# WHAT THE EXERCISE ASKS
Copy every entry exactly as it stands, though any image it holds should stay out of the copy.

# MATERIAL FOR THE TASK
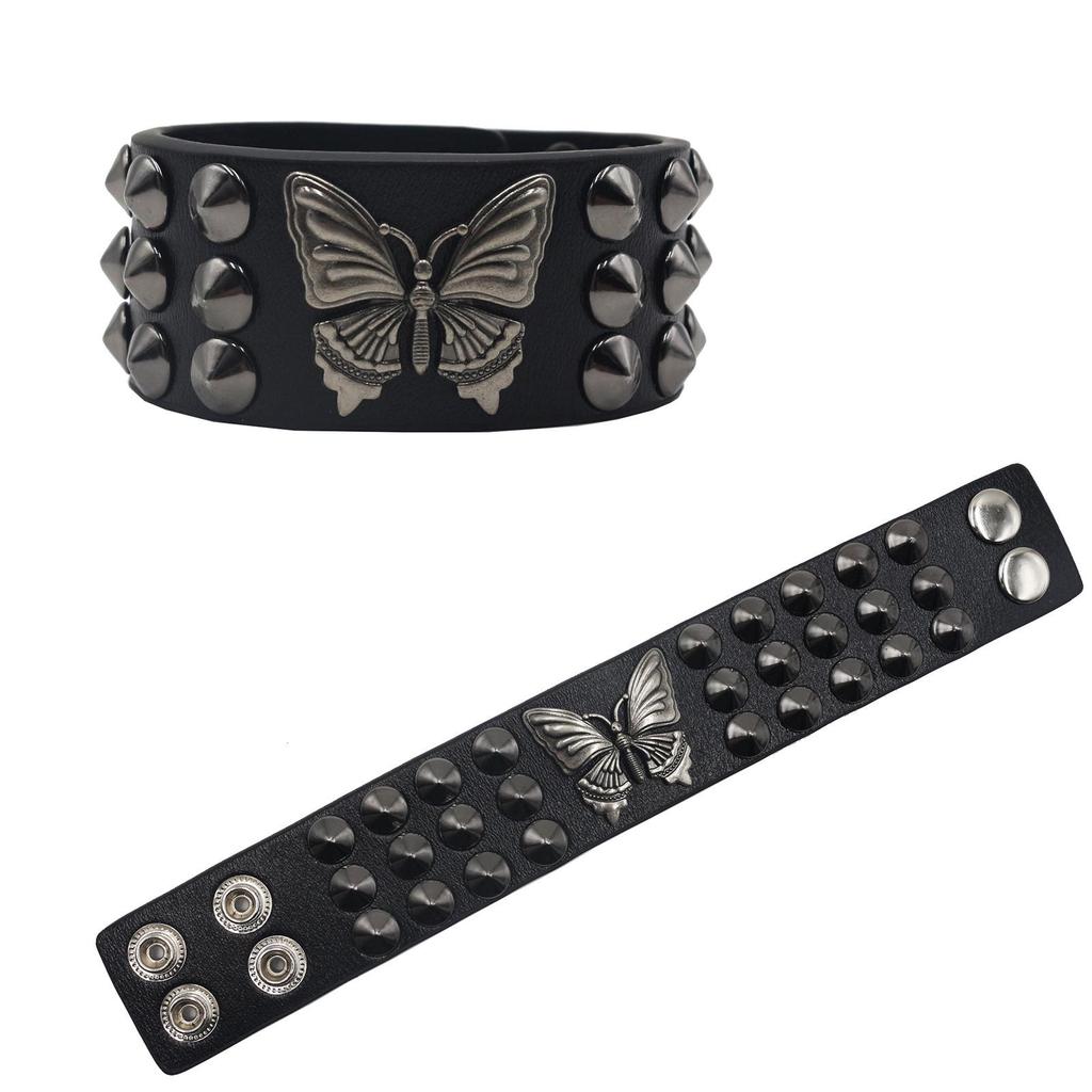 Creative Butterfly Rivet Leather Wristband Bracelet - European American Punk Retro Style
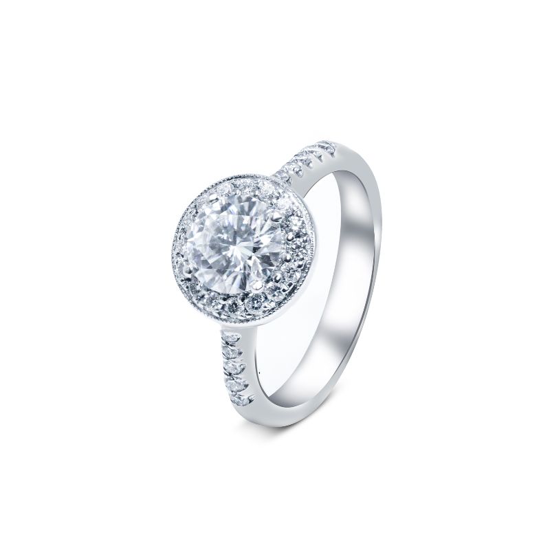One 18ct White Gold Halo ring set with a Round 6.5mm Moissanite and 26 Round Brilliant diamonds in claw set. 4.49gr 26<>0.26ct
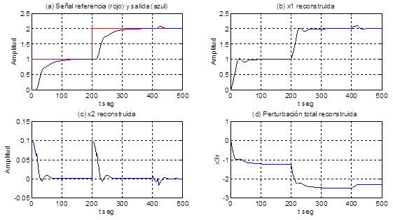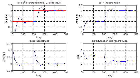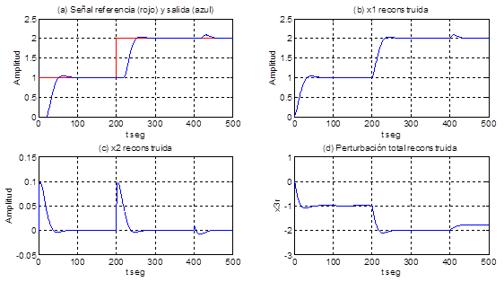 Se observa en la Figura 9 (para los mismos valores de los parámetros del proceso y del predictor de Smith) a) la señal de referencia y la salida de la planta, en b) la salida x1 reconstruida, en c) la salida de la planta x2 reconstruida, en d) la perturbación total; se aprecia en la figura a que el control es capaz de lograr un seguimiento asintótico de la señal de referencia con un sobrepaso menor que el 5% y el tiempo de establecimiento en menos de 65 segundos, en la figura b se observa que la señal x1 reconstruida es aproximada a la señal de salida de la planta, y en la figura c se aprecia que a los 400 segundos hay una perturbación que influye en el proceso con 0,2 unidades y el control es capaz de eliminar su efecto en menos de 50 segundos.
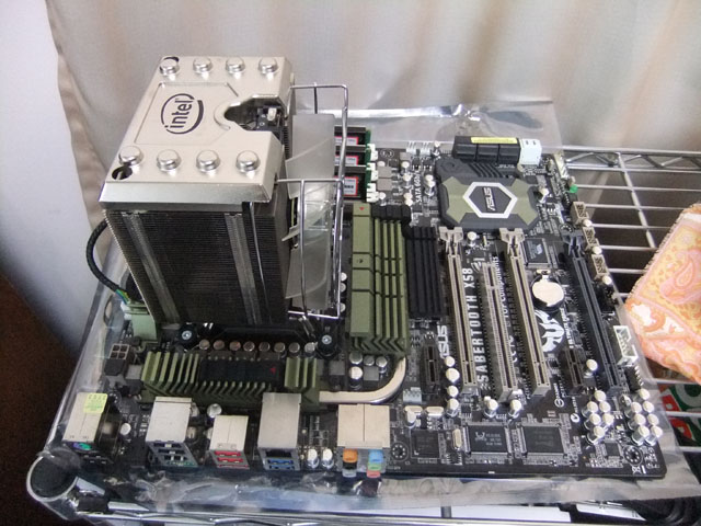 右の写真は無残にも引っぺがされた Core i7 マザー(笑)。CPU クーラーがデカすぎて、マザーの箱に入らないので、とりあえず放置!<ヲイ
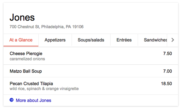 Google ha ufficialmente annunciato l’arrivo do una nuova funzione che permetterà agli utenti di osservare direttamente i menù dei ristoranti sui risultati di ricerca. La nuova funzionalità era apparsa già da qualche settimana ma ora la grande G ha ufficializzato l’implementazione con un post ufficiale su Google+, dove conferma l’esperimento, al momento disponibile comunque solo in USA. Google non chiarisce in maniera univoca da dove provengano le informazioni sui menù dei ristoranti, ma in base alla analisi dei risultati sembra che al momento possano giungere dal sito americano Allmenus.com, che pubblica i menù completi di molti ristoranti, partendo dagli antipasti per arrivare fino al caffè.
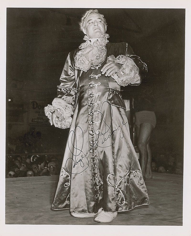 Professional wrestler (1915–1963) who gained mainstream popularity and became one of the biggest stars of the Golden Age of Wrestling. Vintage glossy 8 x 10 photo of Gorgeous George in a flamboyant costume, signed in black ink. In fine condition, with trivial irregular ink adhesion.
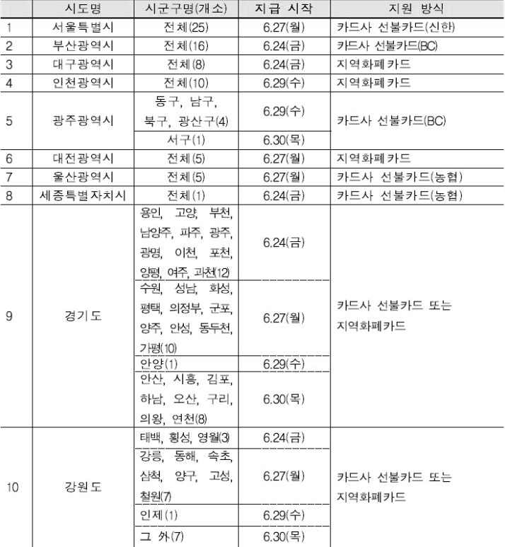 지급일자는 각 지차제 마다 상이하나 6월 중 지급 예정으로 부산, 대구, 세종시는 24일 지급될 예정이고 서울, 대전, 울산, 제주는 27일 지급합니다. 기타 지역은 아래를 참고하시길 바랍니다.
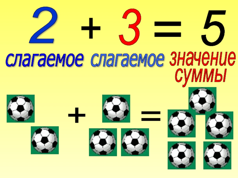 2+3=5слагаемоеслагаемое+=
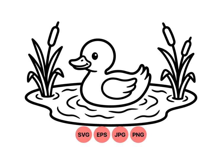 A charming black and white cartoon duck floats in a small pond surrounded by cattail plants. the simple line art style makes it suitable for children projects and coloring books peaceful and clean.
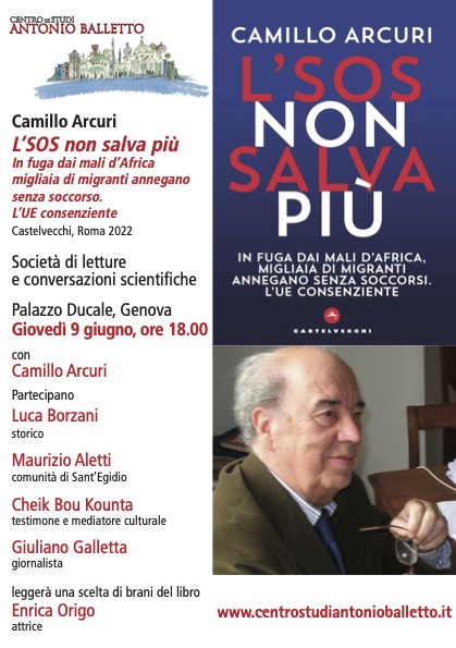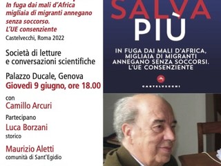 ‘L’Sos non salva più’. Giovedì 9 giugno in una conferenza organizzata dal Centro studi Antonio Balletto, alla Società di letture e conversazioni scientifiche, a Palazzo Ducale, si affronta il tema: ‘In fuga dai mali d’Africa migliaia di migranti annegano senza soccorso. L’Ue consenziente’, libro-inchiesta di Camillo Arcuri. L’incontro, suggerito dalla consigliera municipale Bianca Vergati, del Municipio VIII Medio Levante, è alle 18.
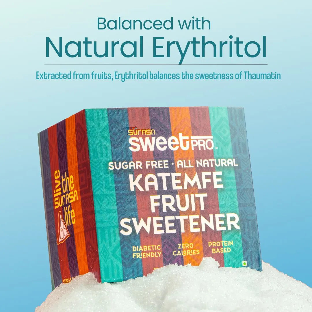 SweetPro is a natural sweetener made with thaumatin – a sweet protein extracted from the Katemfe fruit of West Africa. SweetPro is made with only natural derivatives, and has been carefully designed to be a healthier and safer alternative to sugar and other sweeteners, without compromising on taste.
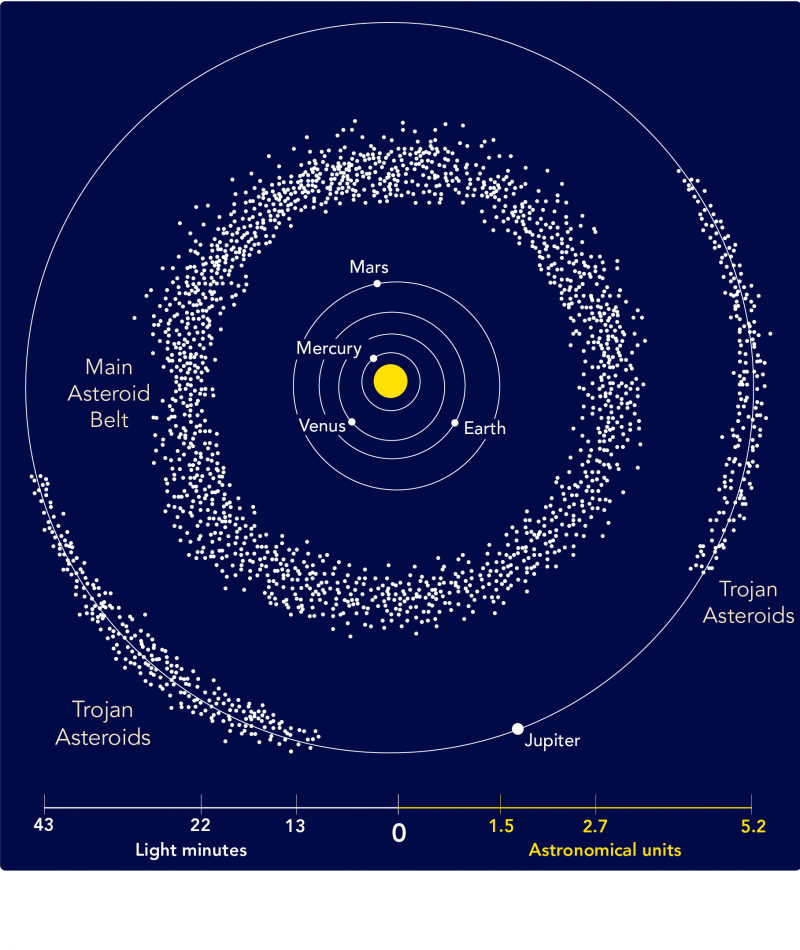 - Some asteroids go in front of and behind Jupiter, which are called Trojans.
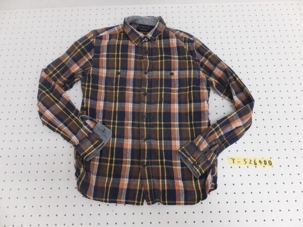 > RAGEBLUE レイジブルー メンズ 胸ポケット チェック長袖シャツ 黄色紺オレンジ白
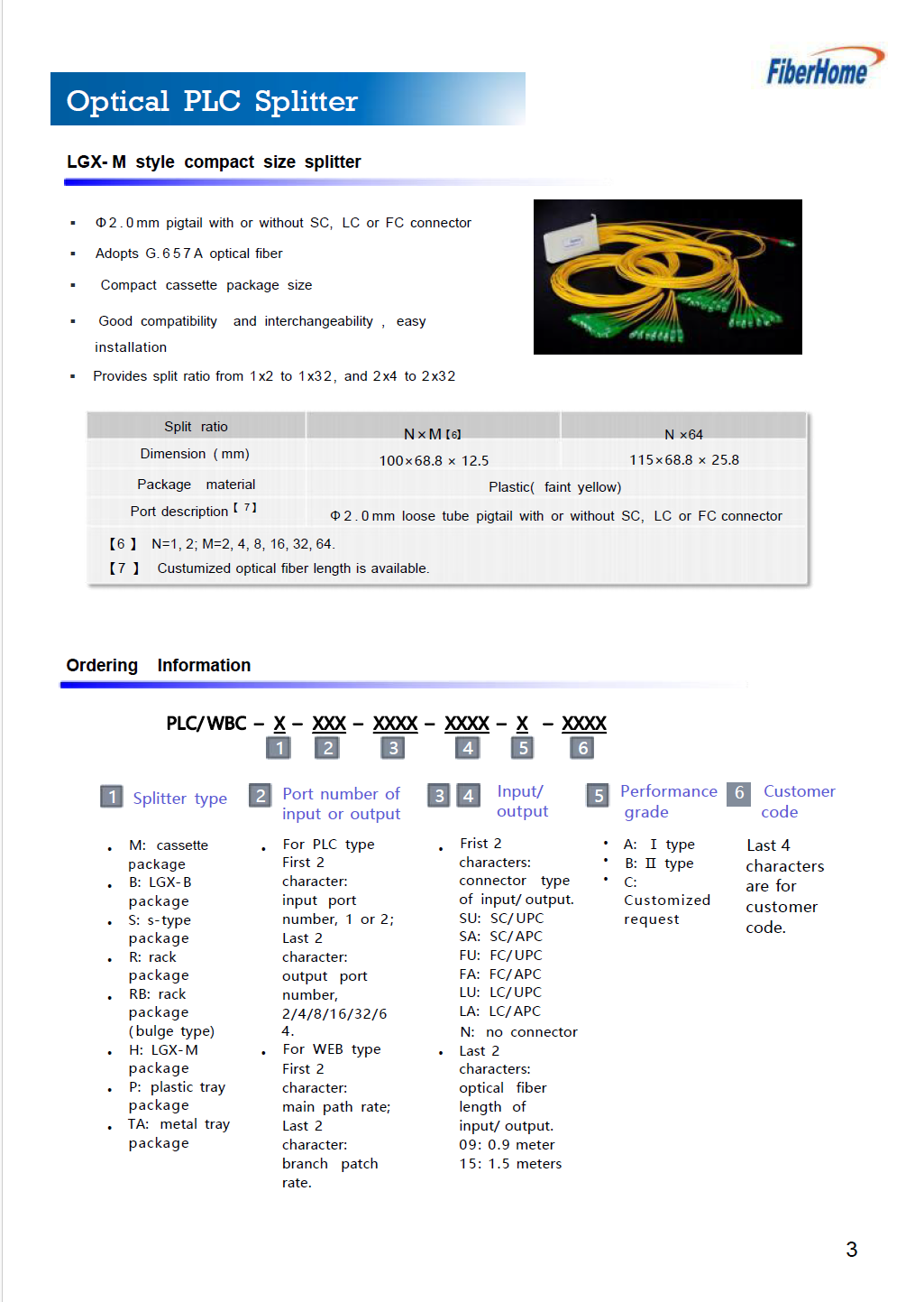 - Uses G657A single-mode fiber with φ2.0 mm pigtails or loose tube
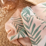 Duże liście palmowe „Cactus” są dostępne na dwukolorowym tle z abstrakcyjnymi kształtami „Blush” i „Off-White”.
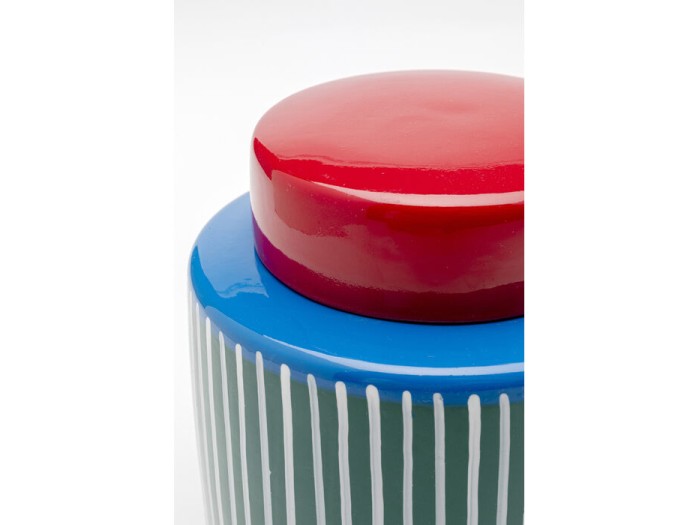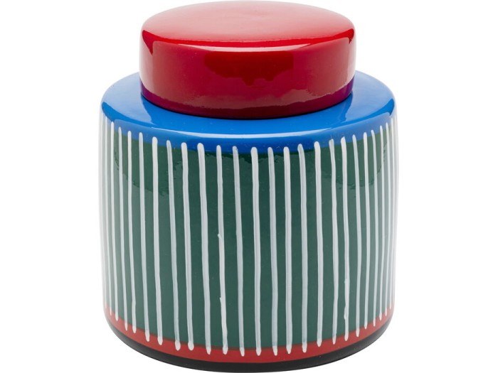 Ένα ιδιαίτερο διακοσμητικό δοχείο που ξεχωρίζει για τον παιχνιδιάρικο χαρακτήρα και την καλλιτεχνική του αισθητική. Με έντονα χρώματα και γραμμικό μοτίβο, συνδυάζει το μοντέρνο design με μια pop art διάθεση, δημιουργώντας ένα αντικείμενο που τραβά αμέσως το βλέμμα.

# RESPONSE TO THIS TASK
 Creative Butterfly Rivet Leather Wristband Bracelet - European American Punk Retro Style
One 18ct White Gold Halo ring set with a Round 6.5mm Moissanite and 26 Round Brilliant diamonds in claw set. 4.49gr 26<>0.26ct
 Se observa en la Figura 9 (para los mismos valores de los parámetros del proceso y del predictor de Smith) a) la señal de referencia y la salida de la planta, en b) la salida x1 reconstruida, en c) la salida de la planta x2 reconstruida, en d) la perturbación total; se aprecia en la figura a que el control es capaz de lograr un seguimiento asintótico de la señal de referencia con un sobrepaso menor que el 5% y el tiempo de establecimiento en menos de 65 segundos, en la figura b se observa que la señal x1 reconstruida es aproximada a la señal de salida de la planta, y en la figura c se aprecia que a los 400 segundos hay una perturbación que influye en el proceso con 0,2 unidades y el control es capaz de eliminar su efecto en menos de 50 segundos.
 右の写真は無残にも引っぺがされた Core i7 マザー(笑)。CPU クーラーがデカすぎて、マザーの箱に入らないので、とりあえず放置!<ヲイ
 Google ha ufficialmente annunciato l’arrivo do una nuova funzione che permetterà agli utenti di osservare direttamente i menù dei ristoranti sui risultati di ricerca. La nuova funzionalità era apparsa già da qualche settimana ma ora la grande G ha ufficializzato l’implementazione con un post ufficiale su Google+, dove conferma l’esperimento, al momento disponibile comunque solo in USA. Google non chiarisce in maniera univoca da dove provengano le informazioni sui menù dei ristoranti, ma in base alla analisi dei risultati sembra che al momento possano giungere dal sito americano Allmenus.com, che pubblica i menù completi di molti ristoranti, partendo dagli antipasti per arrivare fino al caffè.
 Professional wrestler (1915–1963) who gained mainstream popularity and became one of the biggest stars of the Golden Age of Wrestling. Vintage glossy 8 x 10 photo of Gorgeous George in a flamboyant costume, signed in black ink. In fine condition, with trivial irregular ink adhesion.
 지급일자는 각 지차제 마다 상이하나 6월 중 지급 예정으로 부산, 대구, 세종시는 24일 지급될 예정이고 서울, 대전, 울산, 제주는 27일 지급합니다. 기타 지역은 아래를 참고하시길 바랍니다.
 2+3=5слагаемоеслагаемое+=
 A charming black and white cartoon duck floats in a small pond surrounded by cattail plants. the simple line art style makes it suitable for children projects and coloring books peaceful and clean.
 ‘L’Sos non salva più’. Giovedì 9 giugno in una conferenza organizzata dal Centro studi Antonio Balletto, alla Società di letture e conversazioni scientifiche, a Palazzo Ducale, si affronta il tema: ‘In fuga dai mali d’Africa migliaia di migranti annegano senza soccorso. L’Ue consenziente’, libro-inchiesta di Camillo Arcuri. L’incontro, suggerito dalla consigliera municipale Bianca Vergati, del Municipio VIII Medio Levante, è alle 18.
 SweetPro is a natural sweetener made with thaumatin – a sweet protein extracted from the Katemfe fruit of West Africa. SweetPro is made with only natural derivatives, and has been carefully designed to be a healthier and safer alternative to sugar and other sweeteners, without compromising on taste.
 - Some asteroids go in front of and behind Jupiter, which are called Trojans.
 > RAGEBLUE レイジブルー メンズ 胸ポケット チェック長袖シャツ 黄色紺オレンジ白
 - Uses G657A single-mode fiber with φ2.0 mm pigtails or loose tube
 Duże liście palmowe „Cactus” są dostępne na dwukolorowym tle z abstrakcyjnymi kształtami „Blush” i „Off-White”.
 Ένα ιδιαίτερο διακοσμητικό δοχείο που ξεχωρίζει για τον παιχνιδιάρικο χαρακτήρα και την καλλιτεχνική του αισθητική. Με έντονα χρώματα και γραμμικό μοτίβο, συνδυάζει το μοντέρνο design με μια pop art διάθεση, δημιουργώντας ένα αντικείμενο που τραβά αμέσως το βλέμμα.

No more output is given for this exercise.